Назначая препараты в лечении ХБП, следует помнить, что их взаимодействие может приводить к нежелательным побочным эффектам, например увеличению гиперурикемии и васкулитам (ИАПФ + БРА), а также принимать во внимание плейотропные свойства лекарственных средств, например антитромбоцитарные эффекты ИАПФ (эналаприл, квадроприл), синергизм в подавлении гиперактивности симпатической системы (теветен + моксонидин или БРА + спиронолактон/эплеренон).

Таким образом, основная комбинация препаратов при АД более 130/85 мм рт.ст. и ХБП сегодня выглядит так:
1) антигипертензивная, антипролиферативная и антипротеинурическая терапия: ИАПФ (БРА и, возможно, прямые ингибиторы ренина), моксонидин, индапамид или ксипамид (или тиазидный диуретик 12,5–25 мг), или спиронолактон 25 мг (при отсутствии СД), или эплеренон, селективный β-блокатор (небиволол, бисопролол), или карведилол (блокатор α-, β-рецепторов), отдельные антагонисты кальция (фелодипин, лерканидипин);
2) терапия анемии: железосодержащие препараты + эритропоэтинстимулирующий агент;
3) снижение шлаков и фосфора (при необходимости), кальций-D3, или фосфатбиндер, или цинакальцет, кетостерил, энтеросорбент;
4) антитромбоцитарный препарат (аспирин, клопидогрель, тиклопедин);
5) статины (при выраженной дислипидемии) или современные фенофибраты (при диабетической нефропатии).

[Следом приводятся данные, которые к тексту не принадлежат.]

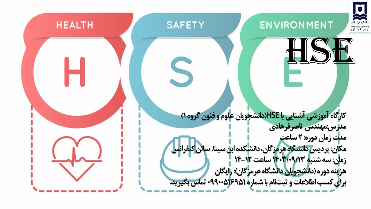 آزمایشگاه مرکزی در نظر دارد در راستای توانمندسازی دانشجویان، دوره‌های  ایمنی متناسب با حوزه تخصصی ایشان با تاکید بر دانشجویان جدیدالورود برگزار کند. به همین منظور اولین دوره مختص دانشجویان علوم و فنون با تاکید بر دانشجویان گروه شیلات در تاریخ 1403/09/13 روز سه شنبه ساعت 12-14 در سالن کنفرانس دانشکده ابن سینا برگزار می گردد.

При наличии терминальной ХПН, вероятно, целесообразным является применение препаратов с преимущественным выведением внепочечным путем, например, схема 3М: моэкс + микардис (теветен) + моксонидин.

Липидоснижающая терапия является составляющей защиты сосудов в коррекции АД и применяется для первичной и вторичной профилактики.

В нефрологии доказательная база недостаточная; опираясь на кардиологические исследования возможно применение симвастатина, аторвастатина и розувастатина. Напомним, что исследование AURORA не показало каких-либо преимуществ розувастатина в дозе 10 мг в сравнении с плацебо в снижении комбинированной кардиоваскулярной точки, инфаркта и инсульта в течение 3,8 года применения у 396 пациентов с ХПН на диализе.

Среди диуретиков предпочтение отдается тиазидоподобным (индапамид, ксипамид) или петлевым (торасемид). Следует помнить, что торасемид имеет лучший в сравнении с фуросемидом профиль по кардиоваскулярным рискам (рис. 3). Однако при терминальной стадии ХПН мочегонный эффект фуросемида более выраженный. Доза индапамида 0,625 или 1,25 мг/сутки для длительного приема, ксипамида — от 10 до 80 мг/сутки (выше при меньшей СКФ!), торасемида — от 5 до 200 мг/сутки (при диабетической болезни почек), фуросемида — от 10 до 500 мг/сутки (при диабете). Большие дозы торасемида и фуросемида назначаются по 1–2 дня, затем 1–2 дня перерыв.

В современной медицине антигипертензивную терапию проводят с учетом факторов риска, обеспечивая защиту конечного органа-мишени. В нефрологии это ренопротекция (для сохранения функции почек) и защита сердечно-сосудистой системы (для предотвращения преждевременной смерти).

Мероприятия по предотвращению поражения конечного органа предполагают (адаптировано по B. Dah­lof, 2003; рис. 4–6):

— снижение АД;
— нормализацию АД;
— круглосуточный контроль АД, включая подъем АД утром;
— независимые от АД эффекты: синдром-специфические (на­пример, альбуминурия), орган-спе­цифические (например, гипертрофия левого желудочка, ХПН);
— уменьшение других факторов риска (например, снижение уровня холестерина или глюкозы); синергичные эффекты (например, прием комбинации «ИАПФ + моксонидин» в подавлении гиперактивности симпатической системы);
— комплексный подход (например, ИАПФ + БРА ІІ + статин + аспирин + витамин D);
— назначение ИАПФ или БРА при ХБП даже без наличия гипертензии.

Из книги Д.Д. Иванова «Лекции по нефрологии. — Донецк: Издатель ­Заславский А.Ю., 2010.